Thousands of South African black pupils stay away from school

Several thousand pupils at African schools in Cape Town and the the eastern Cape city of Port Elizabeth are boycotting classes despite appeals from the government, from their paretns, and even from their own student organization. They are boycotting even through more than 3 million African pupils in other schools around the country are back in class at the start of the new term.

The boycott started in April last year when pupils of mixed race -- so-called Colored people -- protested inadequate facilities and what they termed inferior, second- rate black education.

Indian children came out in support, and so did African pupils in pockets round the country, but the strongest support came in Cape Town and Port Elizabeth. At one stage about 200,000 pupils were affected.

But when the Colored and indian pupils decided that it would be good tactics to go back to school in May because of the promises they had from the government of reforms in the education system, the African pupils continued to boycott class. At year's end, more than 50,000 were still out of school.

There was a certain amount of violence. Some schools were damaged by fire, and teachers were threatened. Some anxious parents sent their children away to schools in the country areas.

The security police became involved, and various people were arrested and held without trial. Sixteen teenagers in the Western Cape are still in detention.

Now one of the most insistent demands of the bycotting students is that these 16 should be released, and many people believe the boycott would have run out of steam if these youngsters had in fact been freed.

The government has tried various means to try to get the pupils back to school. It has held fresh elections for "school committees" and tried to negotiate with parents. But while the parents generally seem to favor a return to school, the pupils themselves will not budge.

One of the reasons is the breakdown of parental control in the black townships. In most families, both parents work. Often they leave home around 6 in the morning and return about 7 at night. During the day the children are left to their own devices.

Nor are all the pupils involved "children." It is not unusual to find teen-agers in even the very low school grades in African schools, and young men and women over 20 in the senior schools.

Now opposition politicians are urging the government to release immediately the 16 pupils who have been in detention for several months, and to talk directly to representatives of the students themselves, instead of trying to work through the school committees and the parents.
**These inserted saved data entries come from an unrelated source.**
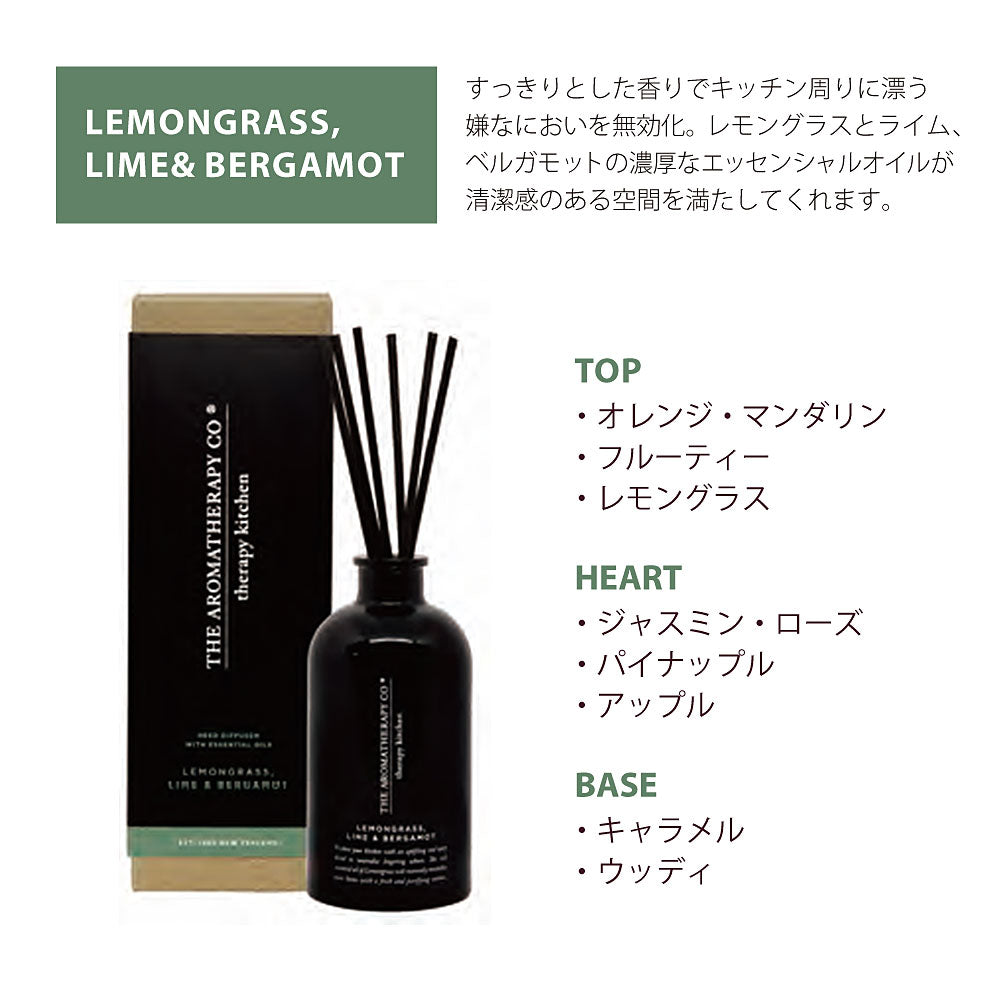 ニュージーランドのアロマセラピーカンパニーが手がけるセラピーレンジは、ボディケアからホームフレグランスまで幅広い商品ラインを展開している シリーズです。100%ピュアなエッセンシャルオイルや植物オイル、植物エキスで香り付けされた商品は健やかなライフスタイルを送るためのパートナー となります。セラピーレンジのユニークな香りのブレンドは、それぞれのテーマに沿って配合されており、キッチンシリーズは台所周りの生臭い臭いや 腐敗臭などを効果的にマスキングしてさっぱりとした香りで包み込む特徴があります。
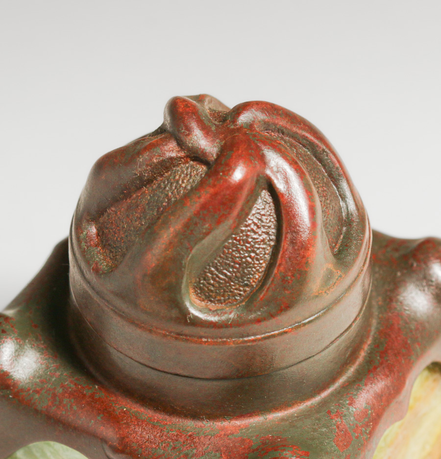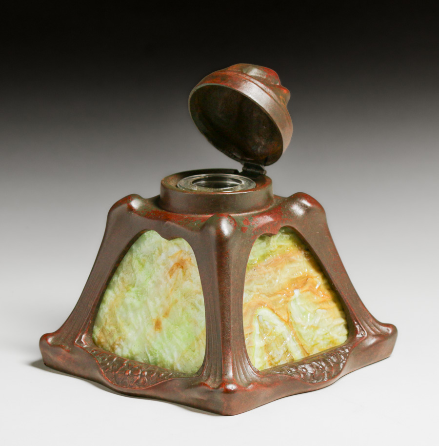 Art Nouveau Bronze & Slag Glass Inkwell c1900s
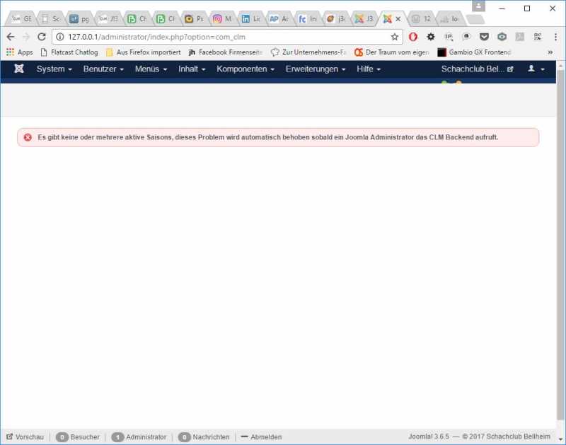 Es gibt keine oder mehrere aktive Saisons, dieses Problem wird automatisch behoben sobald ein Joomla Administrator das CLM Backend aufruft.
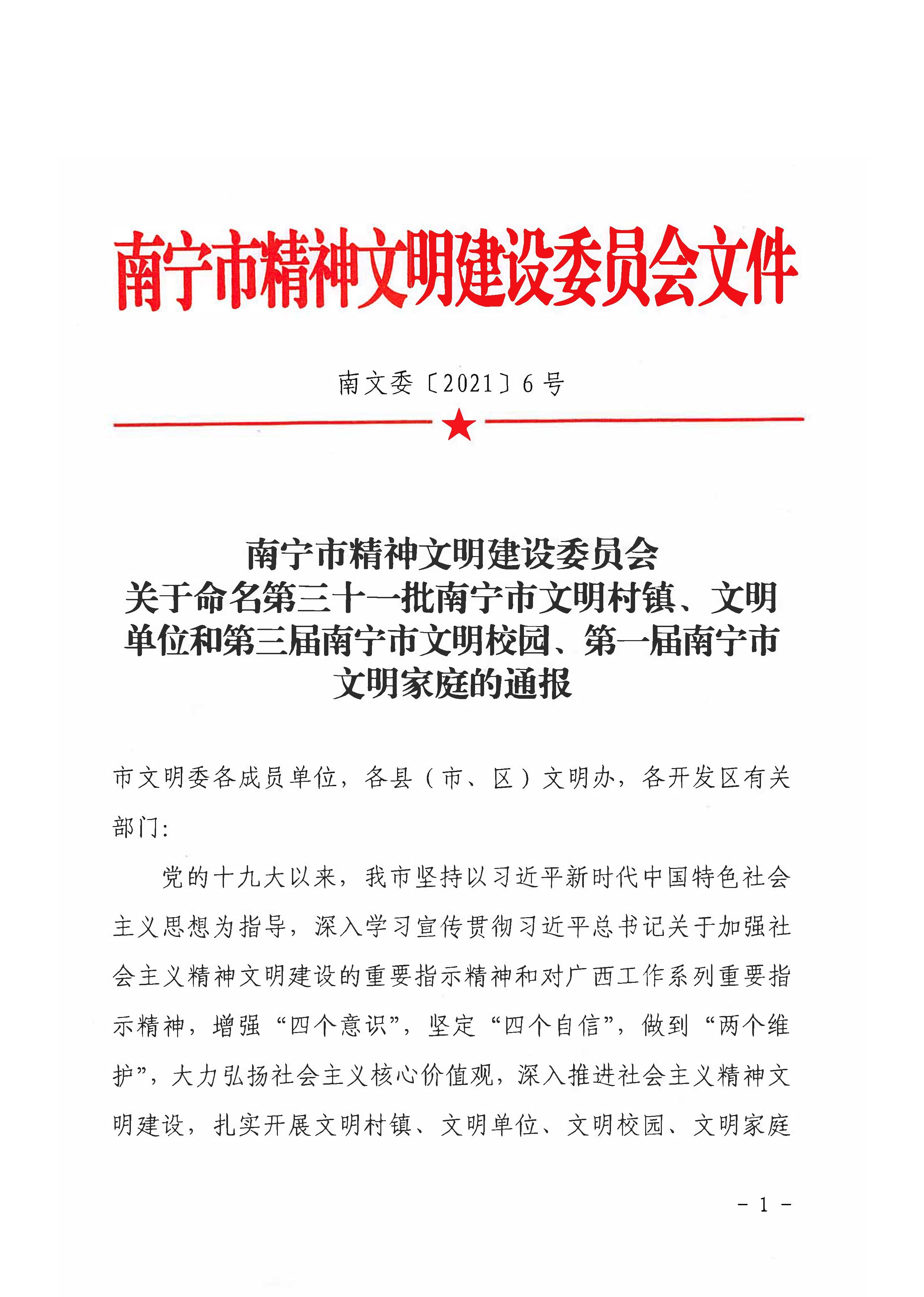 喜訊丨威寧喜獲“第三十一批南寧市文明單位”榮譽(yù)稱號(hào)
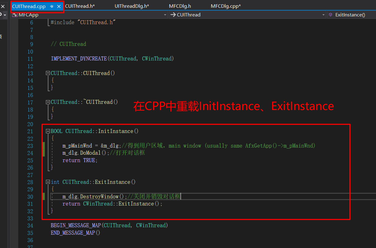 | InitInstance | 执行线程实例初始化。 必须被重写。 |

Meanwhile the pupils are taking a tough line.Several headmasters have received death threats from a group calling itself the Black Eye. One letter says, "We know that [Prime Minister P. W.] Botha is your god. Now it is time you look after your nation. . . . In order not to lose your life you are to exclude yourself from the government. The government has used you as tools. . . . Brothers and sisters of Azania, let us come together because we do not want you to lose your life." Azania is the African nationalist term for South Africa.

While the boycott continues at the Cape schools, several government spokesmen have indicated that they realize how necessary it is to improve the education facilities for Indians and Colored pupils as well as Africans. The amount to be spent on school buildings for Colored children is to be doubled this year, and millions more are to be spent on new schools, including technical schools, for Africans.

There are also plans to upgrade the pitifully low standard of education of the teachers themselves in black schools, and to reduce the glaring discrepancies in pay between black and white teachers.

It is now government policy to provide equal educational facilities for children of all races. But it has a long way to go. And there is no firm sign yet that the government will combine the racially separated education departments into one, as blacks want.